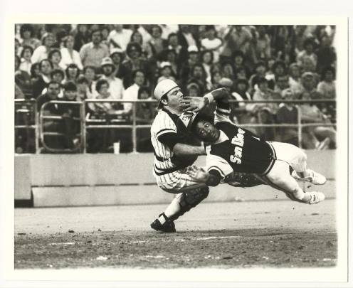 1979. Ozzie Smith of the San Diego Padres attempts to literally fly past Pittsburgh Pirates Catcher Ed Ott on his way to home plate.
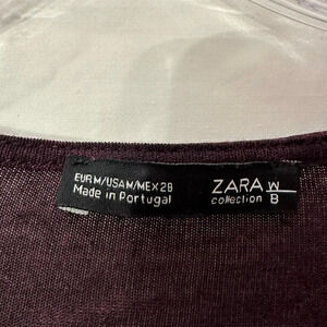 Zara Collection Sheer Striped Maroon Drop Shoulder Top Size Medium
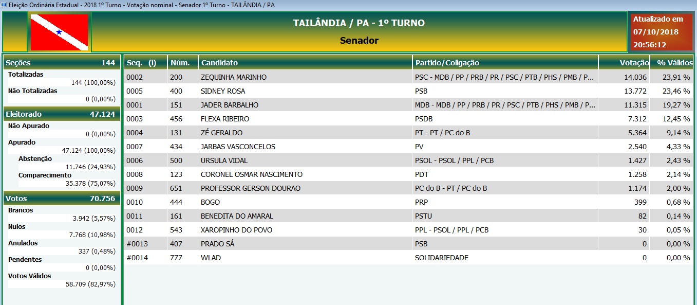 Veja o resultado da votação em Tailândia para senador. (foto: TSE)
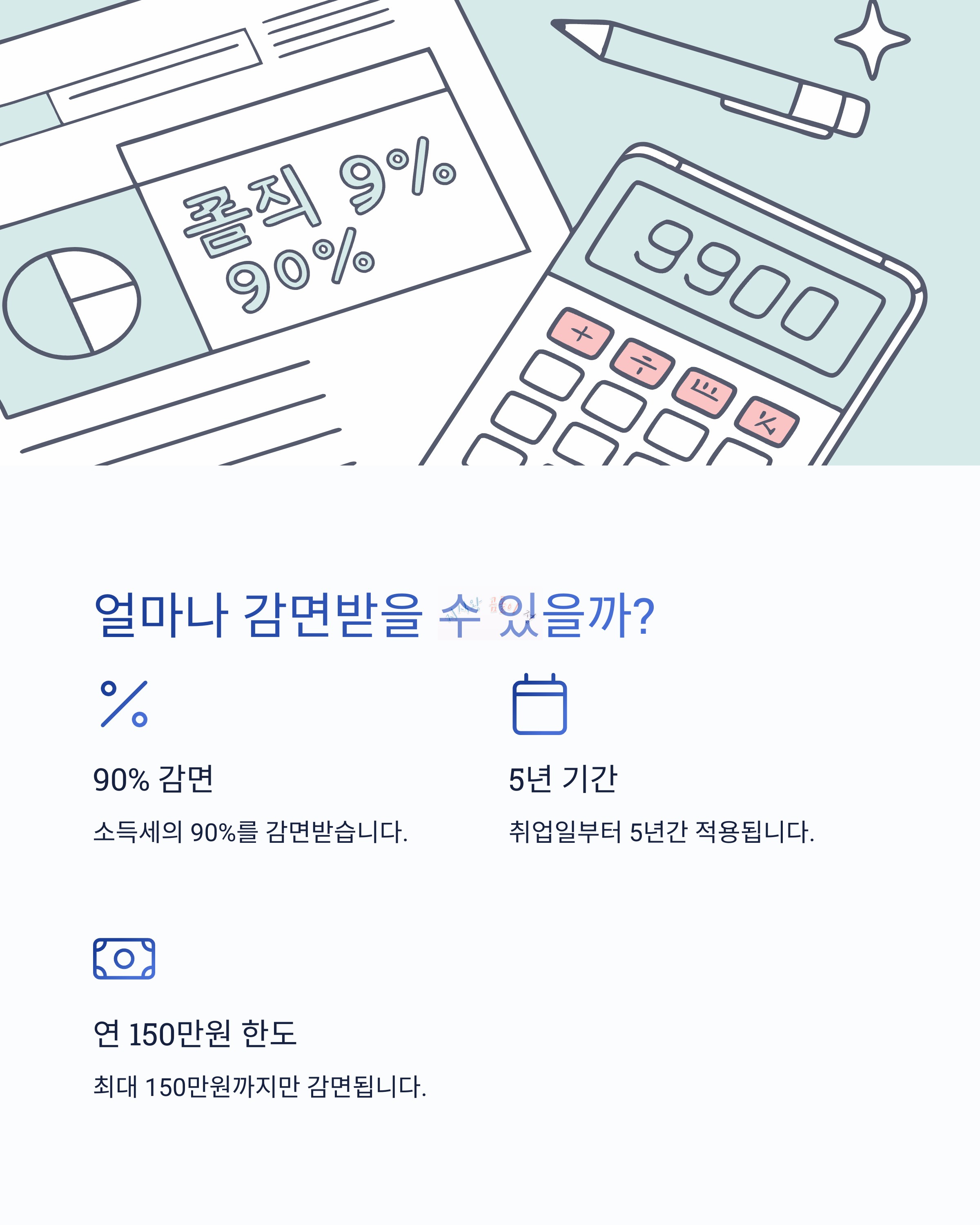 이 혜택을 받으면 취업일로부터 5년간 소득세의 90%를 감면받게 됩니다.
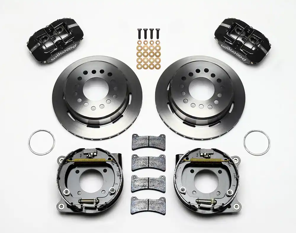 Forged Dynapro Low-Profile Pro-Series rear disc brake kits provide a complete solution for popular muscle car rear axles on applications that require a parking brake assembly and extra clearance for 14.00” to 15.00” rim applications. Forged billet Dynapro Low-Profile four-piston calipers 11.00” one-piece hat and rotor assemblies, and high friction pads provide optimized and balanced braking for all types of custom performance street/strip and show machines. The neatly hidden internal shoe system provides a clean installation with superior static holding power for parking. Optional caliper finishes and rotor designs enable the builder to personalize the style and optimize brake performance for every individual application.
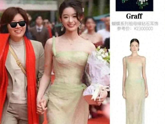 ▲17歲的黃楊鈿甜配戴身價逾200萬人民幣的翡翠耳環,是向母親借來。 微博@黃楊鈿甜
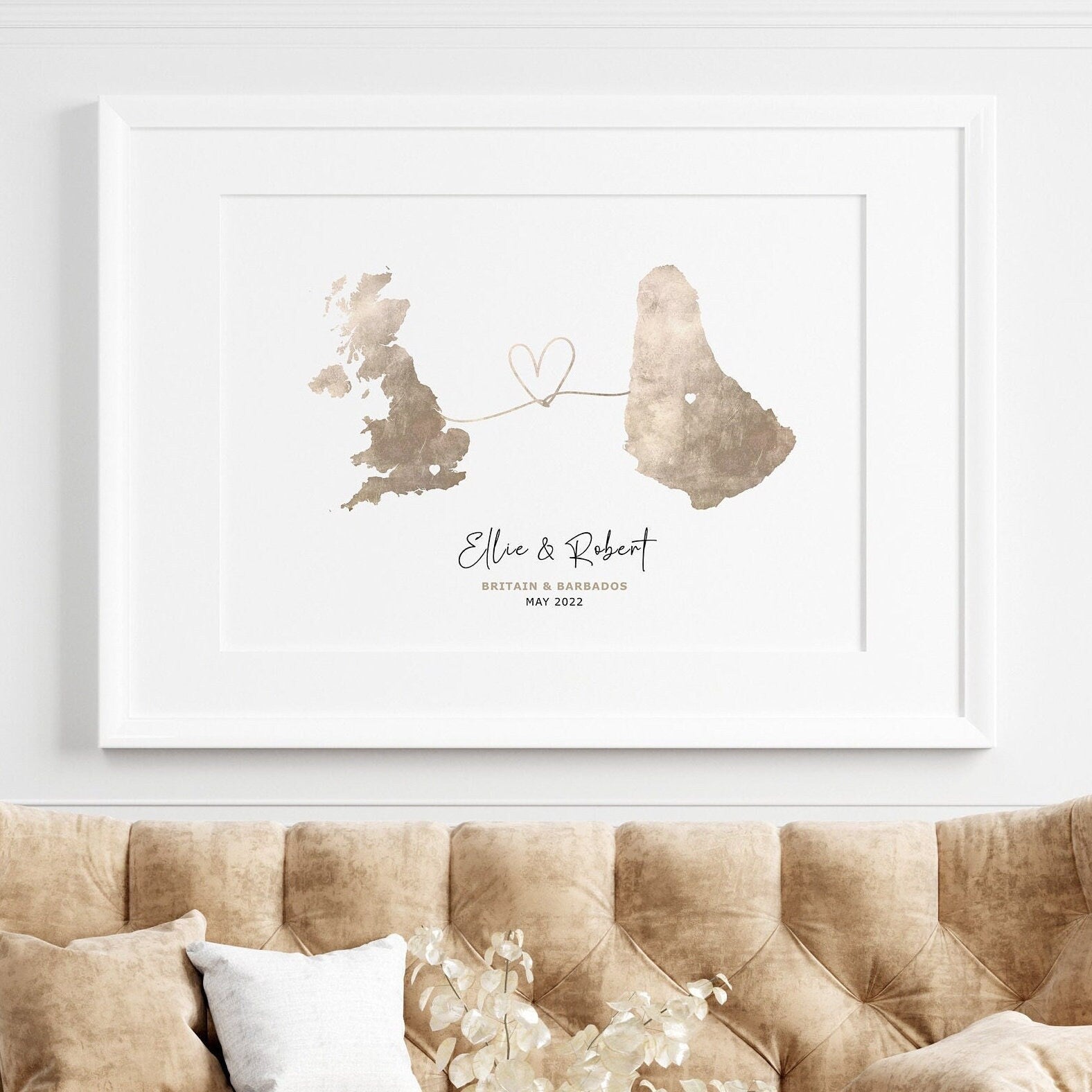 Personalised Map Print, Any 2 Countries, Wall Art Poster, Unique Gift Idea, Love Heart Location Map Print, Country to Country
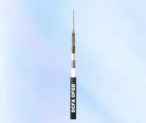 DCFA 光纜的結構是將 250μm 光纖套入高模量材料制成的松套管中,松套管內放入特種阻水紗對光纖進行關鍵性保護。纜芯的中心是一根非金屬加強芯(FRP),松套管(和填充繩) 圍繞中心加強芯絞合成緊湊和圓形的纜芯。松套管及加強芯外均設有阻水紗,纜芯上縱包阻水帶,進行涂塑鋁帶(APL)縱包后,擠制聚乙烯護套成纜。
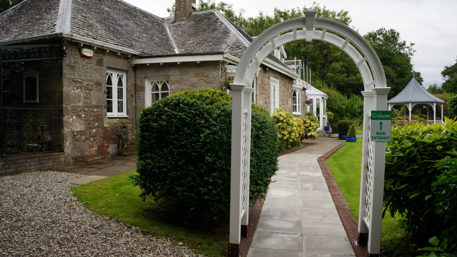 The property is accessed via an electric gate, offering secure parking for all guest vehicles. A mature enclosed garden features a lawned area, colourful flowers and shrub beds.
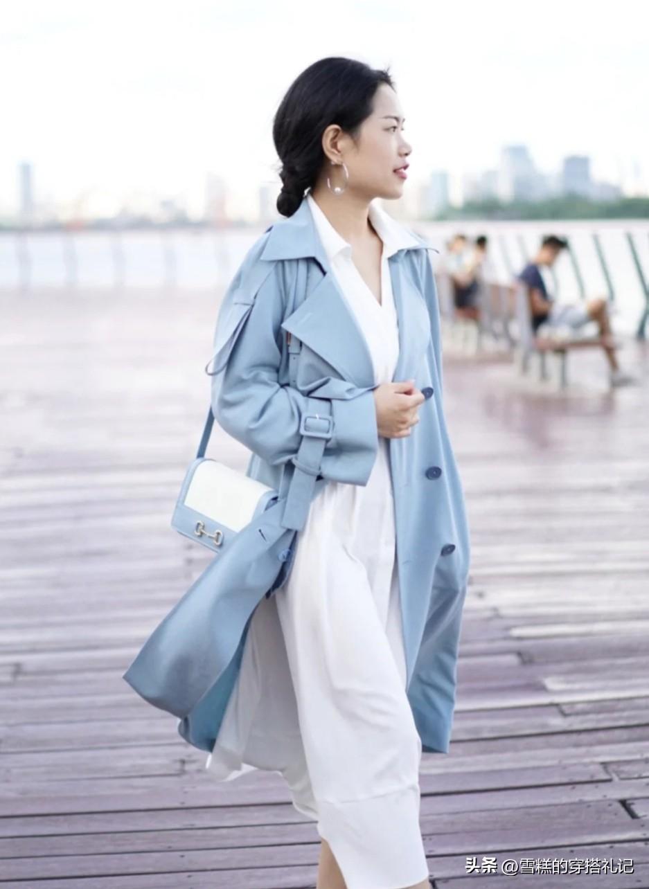 雾霾蓝与白色调的组合一直以来都的经典时尚,所衬托出来的气质会更倾向于高级和温柔的融合果哦,很适合在职场、约会的时候搭配时尚又温柔的女性魅力,谁不爱呢?
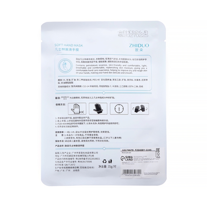 Способ применения: вымойте руки тёплой водой. Откройте упаковку и наденьте маску-перчатки на руки. Рекомендуется надеть обычные перчатки поверх маски для лучшего соприкосновения с кожей. Через 20-40 минут снимите. Остатки средства равномерно распределите на кожу рук и локтей.
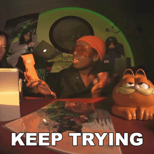 Ronnica holds a 'Keep Trying' sign next to a Garfield statue, conveying a motivational message.

**Problem statement**
When you reach a picture in the records above, pass over it and transcribe the rest exactly.

**Solution**
 1979. Ozzie Smith of the San Diego Padres attempts to literally fly past Pittsburgh Pirates Catcher Ed Ott on his way to home plate.
 Zara Collection Sheer Striped Maroon Drop Shoulder Top Size Medium
 Veja o resultado da votação em Tailândia para senador. (foto: TSE)
 이 혜택을 받으면 취업일로부터 5년간 소득세의 90%를 감면받게 됩니다.
 Forged Dynapro Low-Profile Pro-Series rear disc brake kits provide a complete solution for popular muscle car rear axles on applications that require a parking brake assembly and extra clearance for 14.00” to 15.00” rim applications. Forged billet Dynapro Low-Profile four-piston calipers 11.00” one-piece hat and rotor assemblies, and high friction pads provide optimized and balanced braking for all types of custom performance street/strip and show machines. The neatly hidden internal shoe system provides a clean installation with superior static holding power for parking. Optional caliper finishes and rotor designs enable the builder to personalize the style and optimize brake performance for every individual application.
 ▲17歲的黃楊鈿甜配戴身價逾200萬人民幣的翡翠耳環,是向母親借來。 微博@黃楊鈿甜
 Personalised Map Print, Any 2 Countries, Wall Art Poster, Unique Gift Idea, Love Heart Location Map Print, Country to Country
 DCFA 光纜的結構是將 250μm 光纖套入高模量材料制成的松套管中,松套管內放入特種阻水紗對光纖進行關鍵性保護。纜芯的中心是一根非金屬加強芯(FRP),松套管(和填充繩) 圍繞中心加強芯絞合成緊湊和圓形的纜芯。松套管及加強芯外均設有阻水紗,纜芯上縱包阻水帶,進行涂塑鋁帶(APL)縱包后,擠制聚乙烯護套成纜。
 The property is accessed via an electric gate, offering secure parking for all guest vehicles. A mature enclosed garden features a lawned area, colourful flowers and shrub beds.
 雾霾蓝与白色调的组合一直以来都的经典时尚,所衬托出来的气质会更倾向于高级和温柔的融合果哦,很适合在职场、约会的时候搭配时尚又温柔的女性魅力,谁不爱呢?
 Способ применения: вымойте руки тёплой водой. Откройте упаковку и наденьте маску-перчатки на руки. Рекомендуется надеть обычные перчатки поверх маски для лучшего соприкосновения с кожей. Через 20-40 минут снимите. Остатки средства равномерно распределите на кожу рук и локтей.
 Ronnica holds a 'Keep Trying' sign next to a Garfield statue, conveying a motivational message.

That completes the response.